▶ TASK ITEM
For the entries below, copy exactly the line that contains "Die tolle Skitour" through the line that contains "Cubes of beef", both ends included, and exclude all pictures.

▶ THE RECORDS

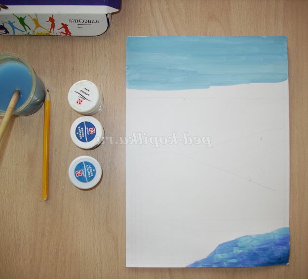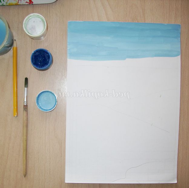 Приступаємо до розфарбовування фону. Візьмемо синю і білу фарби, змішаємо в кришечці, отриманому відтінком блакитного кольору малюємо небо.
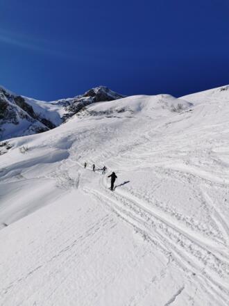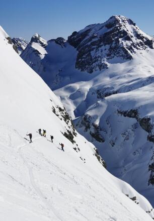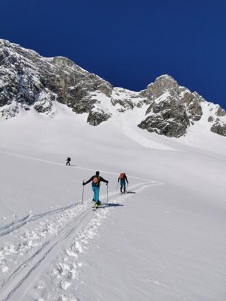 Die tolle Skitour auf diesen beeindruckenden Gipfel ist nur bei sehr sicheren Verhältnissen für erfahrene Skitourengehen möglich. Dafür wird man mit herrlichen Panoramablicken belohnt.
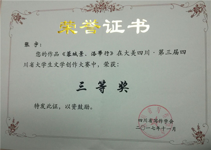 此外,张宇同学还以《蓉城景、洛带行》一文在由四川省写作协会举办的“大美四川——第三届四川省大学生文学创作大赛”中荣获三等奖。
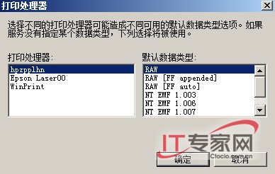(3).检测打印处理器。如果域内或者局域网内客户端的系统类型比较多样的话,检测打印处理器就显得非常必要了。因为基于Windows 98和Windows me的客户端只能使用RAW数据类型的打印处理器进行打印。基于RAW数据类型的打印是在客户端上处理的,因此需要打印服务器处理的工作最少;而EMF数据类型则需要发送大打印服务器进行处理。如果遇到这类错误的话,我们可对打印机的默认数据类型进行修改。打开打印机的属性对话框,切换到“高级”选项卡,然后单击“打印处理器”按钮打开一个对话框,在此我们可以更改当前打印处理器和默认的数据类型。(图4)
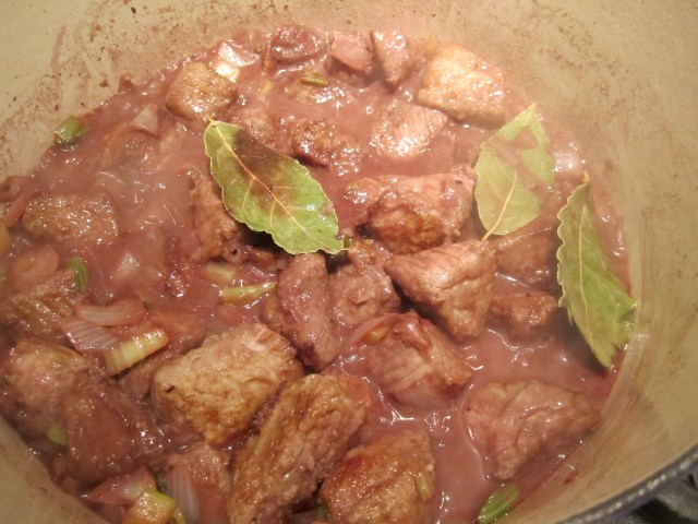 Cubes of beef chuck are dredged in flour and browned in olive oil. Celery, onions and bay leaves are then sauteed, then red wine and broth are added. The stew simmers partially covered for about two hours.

==

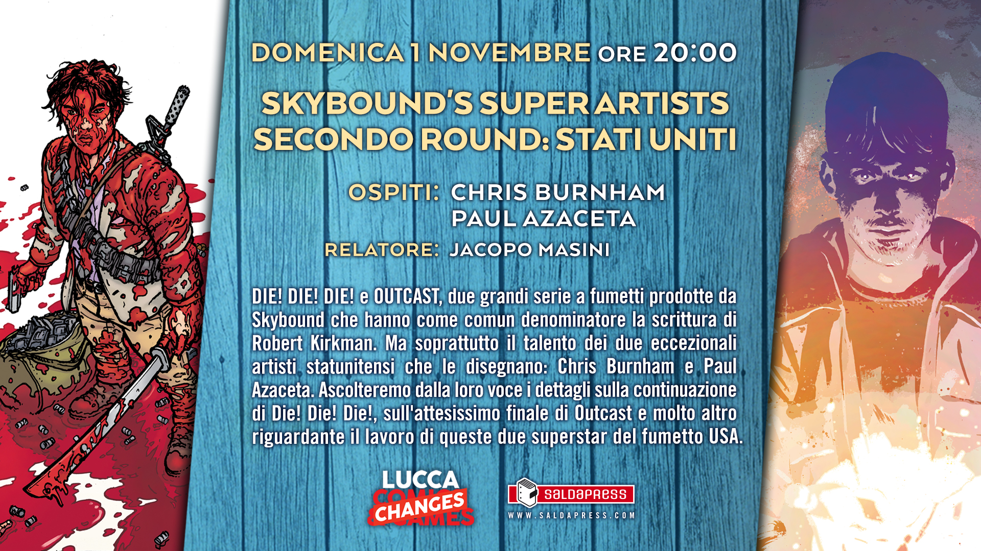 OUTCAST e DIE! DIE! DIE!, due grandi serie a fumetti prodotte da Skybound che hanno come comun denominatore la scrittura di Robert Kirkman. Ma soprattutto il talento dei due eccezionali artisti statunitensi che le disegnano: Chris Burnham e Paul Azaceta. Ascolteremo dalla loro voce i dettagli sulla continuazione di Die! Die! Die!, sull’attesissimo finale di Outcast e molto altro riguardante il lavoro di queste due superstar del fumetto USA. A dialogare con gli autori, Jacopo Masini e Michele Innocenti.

▶ RESPONSE TO THE EXERCISE
 Die tolle Skitour auf diesen beeindruckenden Gipfel ist nur bei sehr sicheren Verhältnissen für erfahrene Skitourengehen möglich. Dafür wird man mit herrlichen Panoramablicken belohnt.
 此外,张宇同学还以《蓉城景、洛带行》一文在由四川省写作协会举办的“大美四川——第三届四川省大学生文学创作大赛”中荣获三等奖。
(3).检测打印处理器。如果域内或者局域网内客户端的系统类型比较多样的话,检测打印处理器就显得非常必要了。因为基于Windows 98和Windows me的客户端只能使用RAW数据类型的打印处理器进行打印。基于RAW数据类型的打印是在客户端上处理的,因此需要打印服务器处理的工作最少;而EMF数据类型则需要发送大打印服务器进行处理。如果遇到这类错误的话,我们可对打印机的默认数据类型进行修改。打开打印机的属性对话框,切换到“高级”选项卡,然后单击“打印处理器”按钮打开一个对话框,在此我们可以更改当前打印处理器和默认的数据类型。(图4)
 Cubes of beef chuck are dredged in flour and browned in olive oil. Celery, onions and bay leaves are then sauteed, then red wine and broth are added. The stew simmers partially covered for about two hours.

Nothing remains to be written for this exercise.